Glial alterations in the glutamatergic and GABAergic signaling pathways in a mouse model of Lafora disease, a severe form of progressive myoclonus epilepsy.

Lafora disease (LD; OMIM#254780) is a rare form of progressive myoclonus epilepsy characterized by the accumulation of insoluble deposits of aberrant glycogen (polyglucosans), named Lafora bodies (LBs), in the brain but also in peripheral tissues. It is assumed that the accumulation of LBs is related to the appearance of the characteristic pathological features of the disease. In mouse models of LD, we and others have reported an increase in the levels of reactive astrocytes and activated microglia, which triggers the expression of the different pro-inflammatory mediators. Recently, we have demonstrated that the TNF and IL-6 inflammatory signaling pathways are the main mediators of the neuroinflammatory phenotype associated with the disease.

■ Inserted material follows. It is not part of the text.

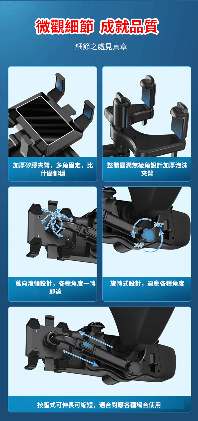 安全、穩固、便捷,採用加厚防滑矽膠夾子 + 航空級鋁合金支架桿,夾子邊緣圓潤包邊,輕按即可牢牢咬住汽車出風口或儀表台。 360 度旋轉球頭搭配阻尼調節環,手指輕轉即可切換橫豎屏角度,導航時豎屏看路線清晰,等紅燈時橫屏和家人視頻不費眼,角度固定後紋絲不動,無需反復調整。

In this work, we present evidence that the activation of these pathways produces a dysregulation in the levels of different subunits of the excitatory ionotropic glutamatergic receptors (phopho-GluN2B, phospho-GluA2, GluK2) and also an increase in the levels of the GABA transporter GAT1 in the hippocampus of the mice. In addition, we present evidence of the presence of activated forms of the Src and Lyn protein kinases in this area. These effects may increase the excitatory glutamatergic signaling and decrease the inhibitory GABAergic tone, leading to hyper-excitability. More importantly, the enhanced production of these subunits occurs in non-neuronal cells such as activated microglia and reactive astrocytes, pointing out a key role of glia in the pathophysiology of LD.